● **WHAT IS NEEDED**
In the listing below, the lines starting with the line with "원하는 메뉴를 장바구니에" and going on through the line with "2025年12月4日各大金店" are to be reproduced exactly, and only those.

EXTRACTED INFORMATION START

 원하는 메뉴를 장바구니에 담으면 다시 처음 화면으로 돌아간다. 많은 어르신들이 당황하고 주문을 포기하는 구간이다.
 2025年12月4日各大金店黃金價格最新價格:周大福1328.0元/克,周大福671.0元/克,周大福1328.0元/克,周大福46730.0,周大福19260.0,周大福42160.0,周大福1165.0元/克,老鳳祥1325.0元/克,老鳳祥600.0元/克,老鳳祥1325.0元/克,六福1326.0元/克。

EXTRACTED INFORMATION END
EXTRACTED INFORMATION START

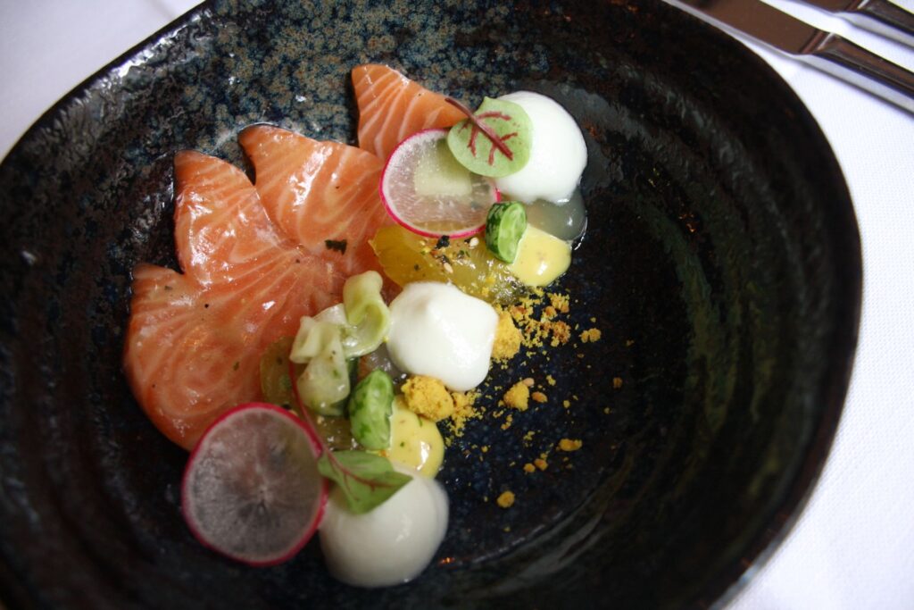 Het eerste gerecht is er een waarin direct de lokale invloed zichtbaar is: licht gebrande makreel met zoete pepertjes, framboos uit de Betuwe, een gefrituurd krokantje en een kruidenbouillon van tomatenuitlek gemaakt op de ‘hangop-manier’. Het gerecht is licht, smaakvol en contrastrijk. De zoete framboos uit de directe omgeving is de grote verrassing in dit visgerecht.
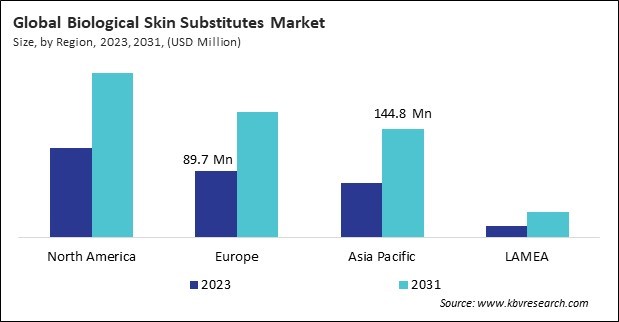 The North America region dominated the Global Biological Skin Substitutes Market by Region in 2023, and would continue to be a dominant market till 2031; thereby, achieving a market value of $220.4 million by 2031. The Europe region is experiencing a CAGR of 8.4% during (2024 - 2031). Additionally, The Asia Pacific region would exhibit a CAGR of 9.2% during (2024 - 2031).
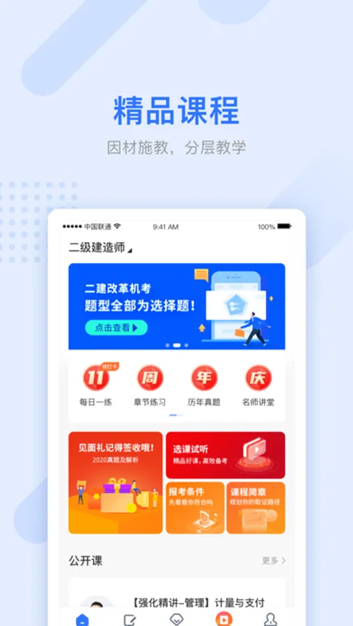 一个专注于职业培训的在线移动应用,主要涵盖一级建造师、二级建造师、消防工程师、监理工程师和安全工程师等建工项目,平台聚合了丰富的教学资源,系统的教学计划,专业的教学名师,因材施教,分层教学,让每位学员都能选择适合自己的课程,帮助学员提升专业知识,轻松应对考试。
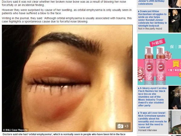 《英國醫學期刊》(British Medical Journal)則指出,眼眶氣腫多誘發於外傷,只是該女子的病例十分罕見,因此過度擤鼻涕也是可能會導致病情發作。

EXTRACTED INFORMATION END

● **EXERCISE RESPONSE**
 원하는 메뉴를 장바구니에 담으면 다시 처음 화면으로 돌아간다. 많은 어르신들이 당황하고 주문을 포기하는 구간이다.
 2025年12月4日各大金店黃金價格最新價格:周大福1328.0元/克,周大福671.0元/克,周大福1328.0元/克,周大福46730.0,周大福19260.0,周大福42160.0,周大福1165.0元/克,老鳳祥1325.0元/克,老鳳祥600.0元/克,老鳳祥1325.0元/克,六福1326.0元/克。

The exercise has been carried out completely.